Multi-monitor: every call takes an optional monitor index (1 = primary, 2.. = others, 0 = the whole virtual desktop). action="monitors" enumerates the setup. Origins may be negative for screens left/above the primary — to_real() handles the offset. Use the same monitor for a click as for the screenshot you're clicking on.

Architecture

src/realhands/
  server.py   FastMCP server "computer-use"; the single `computer` tool (action enum
              modeled on Anthropic's reference computer_20250124 tool); returns
              status text + a fresh screenshot after every action
  screen.py   DPI awareness, mss capture, downscale, model-space -> real-pixel mapping
  input.py    pyautogui mouse/keyboard execution; xdotool-style key-name translation
              (Return, Page_Down, ctrl+a, super, ...); clipboard-paste fast path for
              long/Unicode/multiline typing (preserves your existing clipboard);
              activate_window via win32 AttachThreadInput
  safety.py   kill switches + lazy arm / stand-down lifecycle
  config.py   .env-driven configuration (all defaults are sensible; .env is optional)
install.py    one-shot installer: venv, deps, .env, Claude Desktop registration

Stack: Python 3.10/3.11 · mcp (FastMCP, stdio) · pyautogui · mss · pillow · pynput · keyboard · pyperclip · python-dotenv — plus pygetwindow and pywin32 for activate_window.

The computer tool

A single tool with an action parameter:

Action What it does
screenshot Capture the screen (always start a task with this)
cursor_position Report the real mouse position
monitors List detected monitors (for multi-screen setups)
mouse_move Glide the cursor to coordinate
left_click / right_click / middle_click / double_click / triple_click Click at coordinate (or current position)
left_click_drag Drag from text="x1,y1" to coordinate=[x2,y2]
left_mouse_down / left_mouse_up Press / release the left button
scroll Scroll at coordinate (scroll_direction + scroll_amount notches)
type Type text (clipboard-paste path for long/Unicode/multiline)
key Press a key or chord — "Return", "ctrl+s", "alt+Tab"
hold_key Hold keys for duration seconds
activate_window Bring an app to the front by title substring (beats Windows' foreground-lock; far more reliable than clicking the taskbar)
wait Sleep duration seconds, then screenshot
stop Stand down: close the STOP overlay + release the panic hotkey (call as the final action)

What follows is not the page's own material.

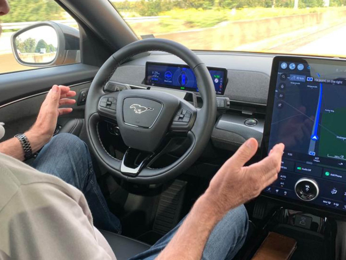 Het voelt wat onwennig indien u wordt opgedragen om astrant te zondigen tegen instructies die je al vijftig jaar consequent probeert na te leven. “Nooit het stuurwiel loslaten!” klonk het altijd. En al zeker niet op een drukke snelweg. Je mag dan overtuigd zijn van het onbeschrijfbare ‘kunnen’ van moderne elektronica, een technische discipline die ons ver van vreemd is. Het helpt niet. De eerste kilometers ‘handenvrij’ rijden met een Ford Mustang Mach-E in BlueCruise-modus, pompen onze stressmeter gevaarlijk diep in de rode zone. En dat is nu net wat innovatieve rijhulp moet voorkomen.

Coordinates are in the pixel space of the most recent screenshot; its size is reported with every capture. After every non-screenshot action the tool waits ~0.4s for the UI to settle and returns a fresh screenshot.

Safety — it controls your REAL machine

This is fully autonomous: it does not ask before each action. Three independent kill switches (src/safety.py):

  1. Fail-safe corner — slam the mouse into the top-left corner → pyautogui raises FailSafeException and the action aborts instantly.
  2. Panic hotkeyCtrl+Alt+Q (configurable) → hard-kills the server process (os._exit(1)).
  3. STOP overlay — an always-on-top window (top-right) showing the current action, with a big red ■ STOP AGENT button that also hard-kills the process.

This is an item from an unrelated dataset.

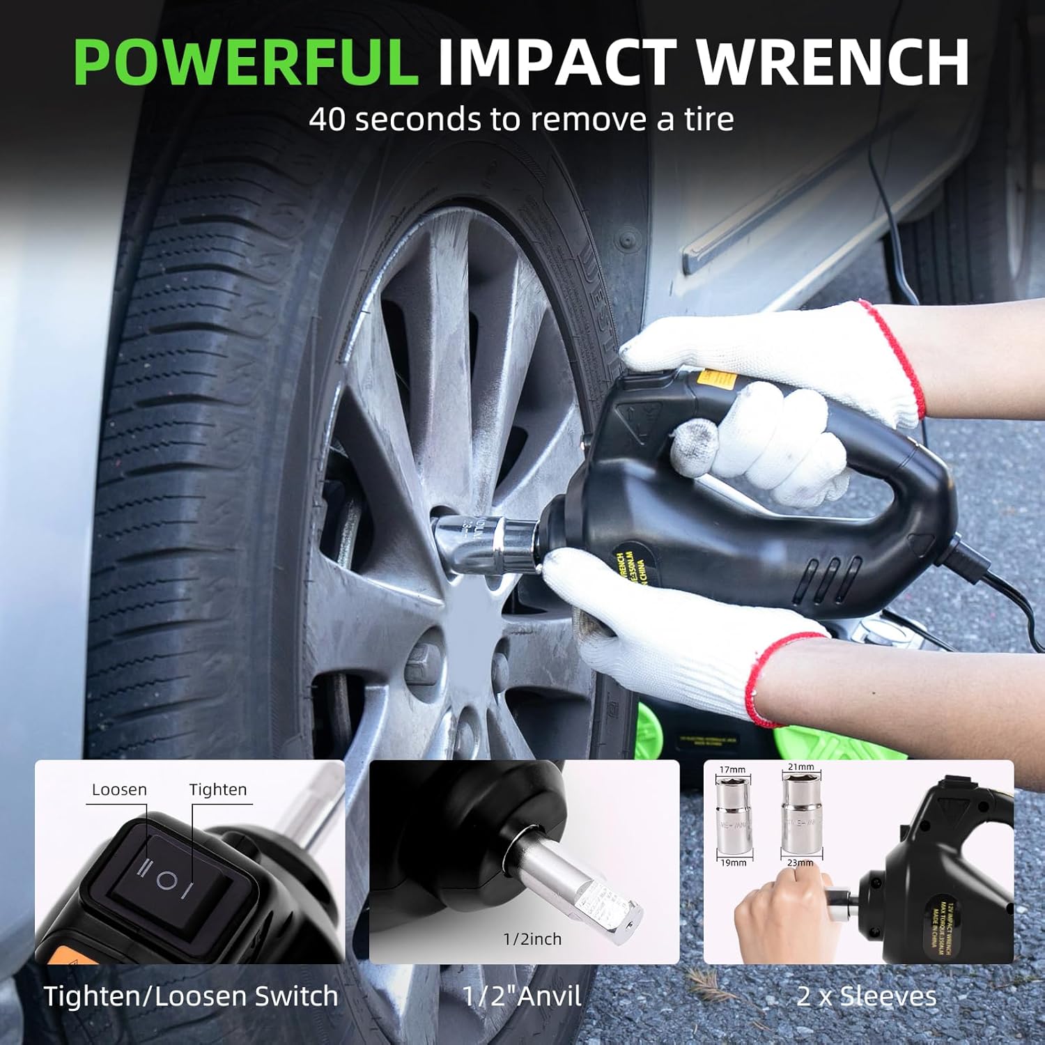 - Powerful Impact Wrench: This car jack kit includes an electric impact wrench with ABS shell, rust-proof steel body, and high-performance copper motor. Delivers low noise, high power, and strong torque for fast bolt removal and 360° rotation

Lazy arm / stand-down: the overlay and the global panic hotkey are armed lazily on the first action of a task, not at server startup — idle sessions show nothing and grab no hotkeys. They stand down again when the agent calls action="stop", or automatically after COMPUTER_USE_IDLE_STOP seconds (default 30) of inactivity. The lightweight stdio process stays connected so the next task is instant. Everything re-arms automatically on the next action.

Pacing also helps you stay in control: every action is followed by a configurable pause (COMPUTER_USE_PAUSE) and the cursor glides rather than teleports (COMPUTER_USE_MOVE_DURATION), so you can watch and interrupt.

Don't leave it unsupervised on anything that can spend money, send messages, or delete data.

Install

Requires Python 3.10 or 3.11 (3.13+ untested; avoid the 3.14 beta).

From PyPI

pip install realhands

This installs the realhands console script and the importable realhands package. Run the server with either realhands or python -m realhands.server.

From source (with Claude Desktop registration)

git clone https://github.com/kanishka089/computer-use-mcp
cd computer-use-mcp
py -3.10 install.py

This creates .venv/, installs the package + deps (editable), copies .env.example to .env if missing, and registers the server in Claude Desktop's config (backing up any existing config). Restart Claude Desktop, then look for the computer-use tool.

Claude Code

Register it as a user-scope stdio server named realhands (pointing at the Python that has the package installed):

claude mcp add realhands --scope user -- python -m realhands.server

The tool then appears as mcp__realhands__computer in every project.

Use

Just ask. For example:

Take a screenshot, open Chrome, go to YouTube, and search for "lofi".

Watch your real cursor move and your logged-in Chrome respond. Real-world proof: it has autonomously completed a full Google Play Console release flow in the user's own signed-in Chrome session.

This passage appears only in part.